• [Supplied material]
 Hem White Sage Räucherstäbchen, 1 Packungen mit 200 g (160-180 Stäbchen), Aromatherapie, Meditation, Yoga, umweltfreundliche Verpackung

...

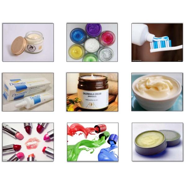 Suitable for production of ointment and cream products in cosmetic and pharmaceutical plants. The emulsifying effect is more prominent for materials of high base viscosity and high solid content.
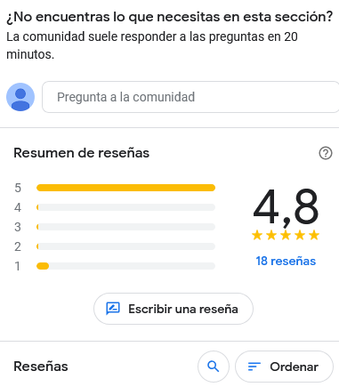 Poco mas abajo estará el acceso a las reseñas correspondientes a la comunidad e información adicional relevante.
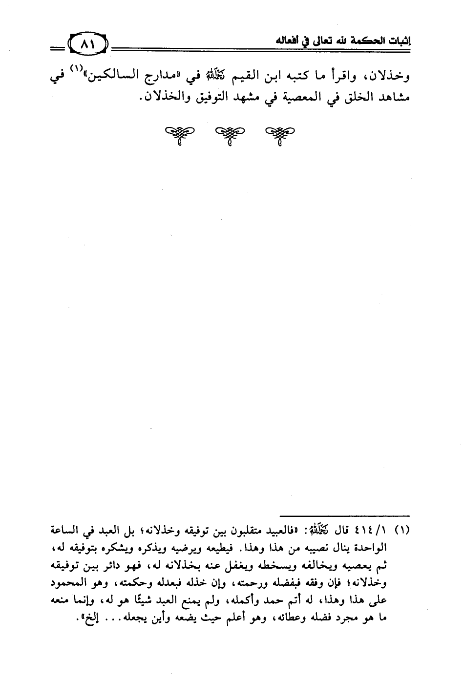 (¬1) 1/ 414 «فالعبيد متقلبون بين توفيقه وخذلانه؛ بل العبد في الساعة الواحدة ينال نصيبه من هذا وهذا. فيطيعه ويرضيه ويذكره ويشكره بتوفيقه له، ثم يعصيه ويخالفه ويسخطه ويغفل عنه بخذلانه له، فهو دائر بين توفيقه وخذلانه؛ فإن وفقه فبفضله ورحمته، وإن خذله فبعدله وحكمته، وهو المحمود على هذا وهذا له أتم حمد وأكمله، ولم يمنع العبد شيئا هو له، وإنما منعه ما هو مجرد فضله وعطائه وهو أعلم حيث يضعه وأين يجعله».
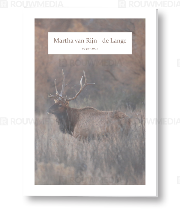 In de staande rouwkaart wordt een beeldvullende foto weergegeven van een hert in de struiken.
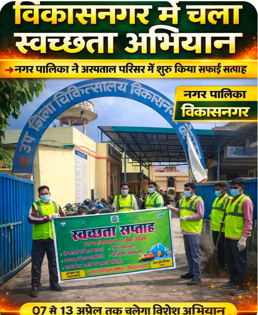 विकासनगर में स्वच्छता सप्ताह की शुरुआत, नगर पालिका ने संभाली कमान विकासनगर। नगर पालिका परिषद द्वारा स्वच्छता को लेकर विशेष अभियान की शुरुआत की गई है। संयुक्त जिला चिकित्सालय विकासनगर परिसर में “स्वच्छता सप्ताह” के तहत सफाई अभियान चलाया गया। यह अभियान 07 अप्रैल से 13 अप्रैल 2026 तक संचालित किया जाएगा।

...

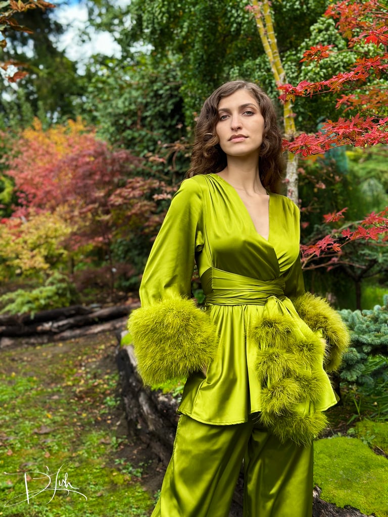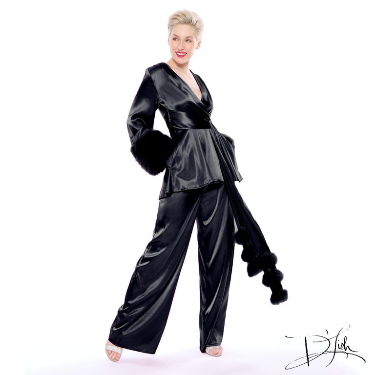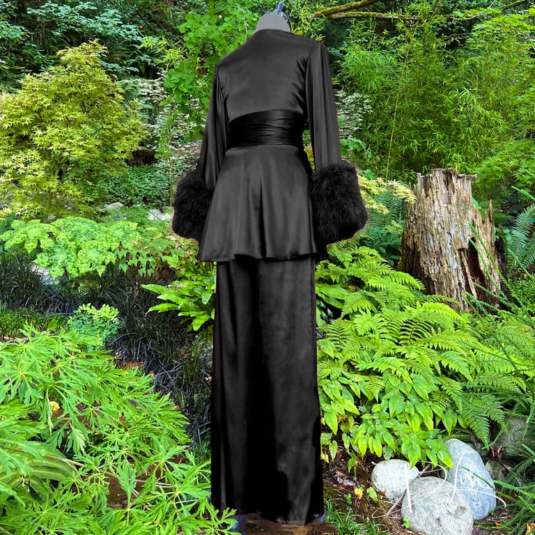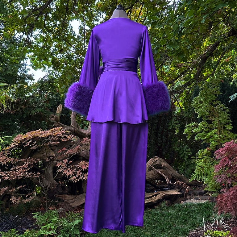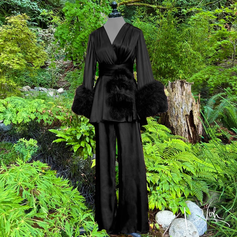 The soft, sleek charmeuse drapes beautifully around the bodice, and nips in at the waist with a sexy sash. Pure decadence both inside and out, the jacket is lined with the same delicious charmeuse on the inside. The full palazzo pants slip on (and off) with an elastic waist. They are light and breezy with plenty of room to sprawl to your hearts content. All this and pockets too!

• [Problem]
Among the records above, locate the line containing "Suitable for production" and the line containing "In de staande", then transcribe exactly the lines starting at the first and ending at the second, with no pictures.

• [Expected output]
 Suitable for production of ointment and cream products in cosmetic and pharmaceutical plants. The emulsifying effect is more prominent for materials of high base viscosity and high solid content.
 Poco mas abajo estará el acceso a las reseñas correspondientes a la comunidad e información adicional relevante.
 (¬1) 1/ 414 «فالعبيد متقلبون بين توفيقه وخذلانه؛ بل العبد في الساعة الواحدة ينال نصيبه من هذا وهذا. فيطيعه ويرضيه ويذكره ويشكره بتوفيقه له، ثم يعصيه ويخالفه ويسخطه ويغفل عنه بخذلانه له، فهو دائر بين توفيقه وخذلانه؛ فإن وفقه فبفضله ورحمته، وإن خذله فبعدله وحكمته، وهو المحمود على هذا وهذا له أتم حمد وأكمله، ولم يمنع العبد شيئا هو له، وإنما منعه ما هو مجرد فضله وعطائه وهو أعلم حيث يضعه وأين يجعله».
 In de staande rouwkaart wordt een beeldvullende foto weergegeven van een hert in de struiken.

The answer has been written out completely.